The fewer the number of races a horse has, the more he can increase his speed figures. It makes sense since he is maturing and improving when younger.

When a horse gets to be 4 years old & older and has more than a dozen races on his ledger, he's less likely to make a big jump or move forward. It can happen, but certainly not as often.

And the older a horse gets with more and more races run, the less likely he will suddenly put in an effort that increases his lifetime speed figure mark by a substantial amount.

Of course things like different surfaces, dirt to grass and vice versa, fast track to off track and vice versa, and change in distances can affect speed figures as well.

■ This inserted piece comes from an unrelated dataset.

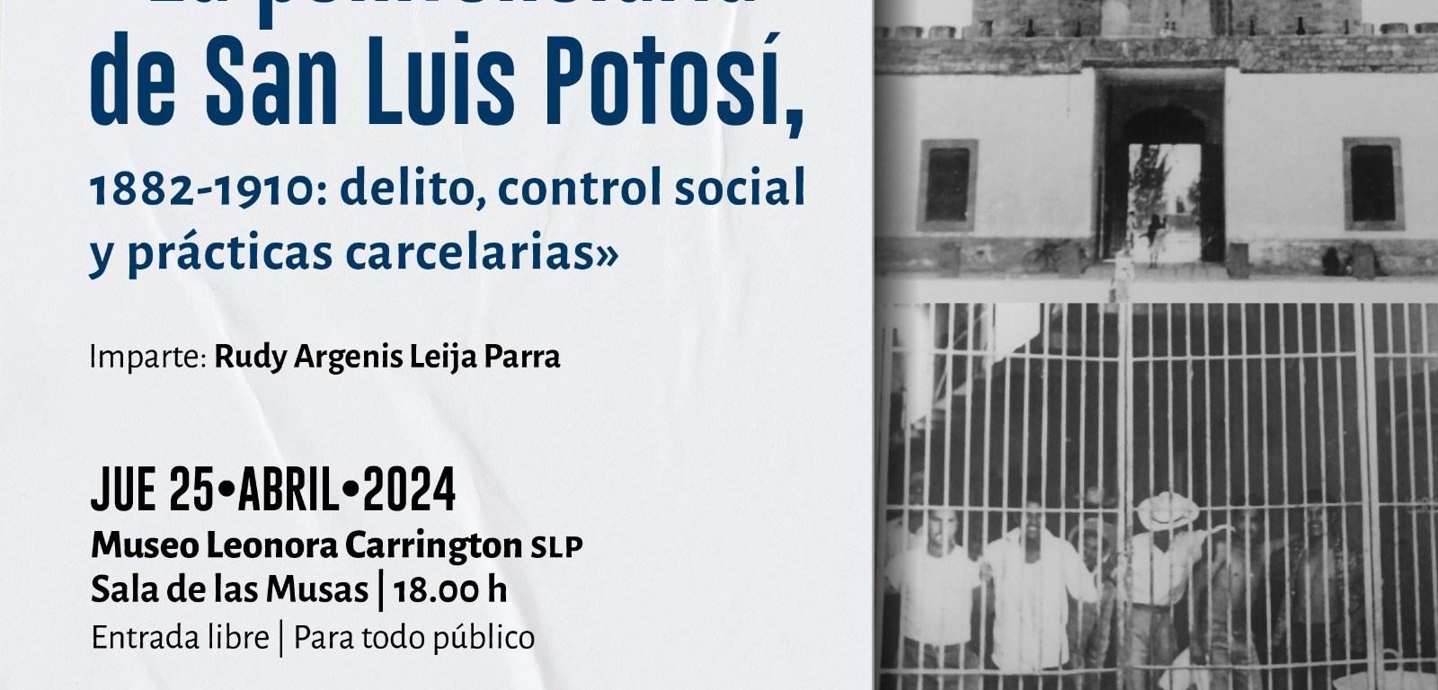El Poder Ejecutivo del Estado a través del Archivo Histórico de San Luis Potosí “Lic. Antonio Rocha”, invita a las y los potosinos a acudir a la conferencia gratuita “La Penitenciaría de San Luis Potosí, 1882-1910: delito, control social y prácticas carcelarias”, el 25 de abril, a las 18:00 horas, en la Sala de las Musas del Museo Leonora Carrington, con acceso libre.

When we are scanning the speed figures of a field of horses, we should take note of any such differentials. If a horse has run on dirt for 12 races showing except for the 5th and 10th outings, which were run on grass and at a longer distance in the slop respectively, we should pretty much omit those exceptions in our analysis.

Here is a typical example of such a scenario: 67, 68, 63, 64, 44, 68, 70, 68, 70, 53, 71, 75.

Obviously this horse's grass and off track Beyers were out of line with the rest. He displayed a couple of cycling patterns that I'll get into later in our 3 example races.

Back to the bounce phenomenon. And don't think it isn't real. It happens to athletes other than the equine variety also, including golfers who put in a tremendous effort when shooting a very low round such as a 63, and very often follow it with a score in the 70's. It happens every week on the pro tours.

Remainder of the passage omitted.